Once you go past mile marker 10 it gets even steeper for a little while before it seems to flatten a little.  No flats on this course... but I guess it's just not as steep so it looks flat.  I hit the last aid station maintaining my rhythm. It was mile 11.7 according to my garmin and the person there told me the finish was less than 2 miles away.  I still calculated 2 miles since I knew the course was closer to 14 miles than it was to 13. The path seemed to get flat and even go downhill so I just kept jogging as much as I could (I was not gonna walk the easy parts even if that had been my strategy).  I finally saw the finish line and even though it was uphill it was hard to walk so I just kept running.  I finished in 2h47m which is 15 minutes faster than last year.  That made me happy.  

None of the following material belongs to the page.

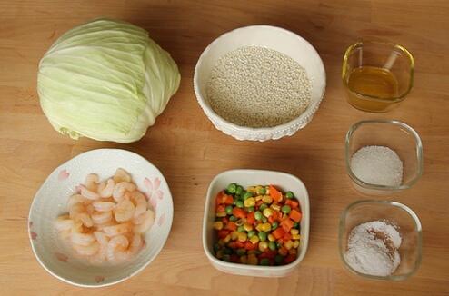 糯米蝦仁包菜卷的材料:包菜700g、糯米200g、蝦仁100g,玉米/胡蘿卜/豌豆100g,鹽10g、糖10g、橄欖油15g

I caught a ride back to town and felt like my bonking was out of control.  I felt like I was going to pass out and somehow managed to get up and buy a smoothie and eat some chips. Chuck and Jeremy eventually went to race their mountain bike event and I sat at the bar of the Red Lion to feast on a delicious burger and a couple bloody mary's.  Again later that night I crashed early as the boys stayed out.  

The next morning we had to do it all over again.  The alarm clock at 6am, breakfast and get ready to race.  Our 10K started at 8am and Lindsay and I met up with Sam.  Lindsay was the only one of us three who had done that course before and she was ready to beat last year's time of 1h52m.  So I made that my goal.  Lindsay is a really strong downhill runner and holds her ground darn good on flats.  She struggles uphill, but then again, who doesn't?  I've made a point of training on hills to become better but I'm still not that great... regardless, Lindsay and I make a great team because I make her push it on the ups, she makes me chase her down on the downs... we like to chat on the flats.  Sam joined to make the perfect trio! Sam had just run a 50-miler the weekend before so she was there for the fun of it.  We started off uphill and started walking 1/2 mile in, jogged a small flat and hiked the first big climb.  We were at the back of the pack but shortly started passing people once we started going downhill.  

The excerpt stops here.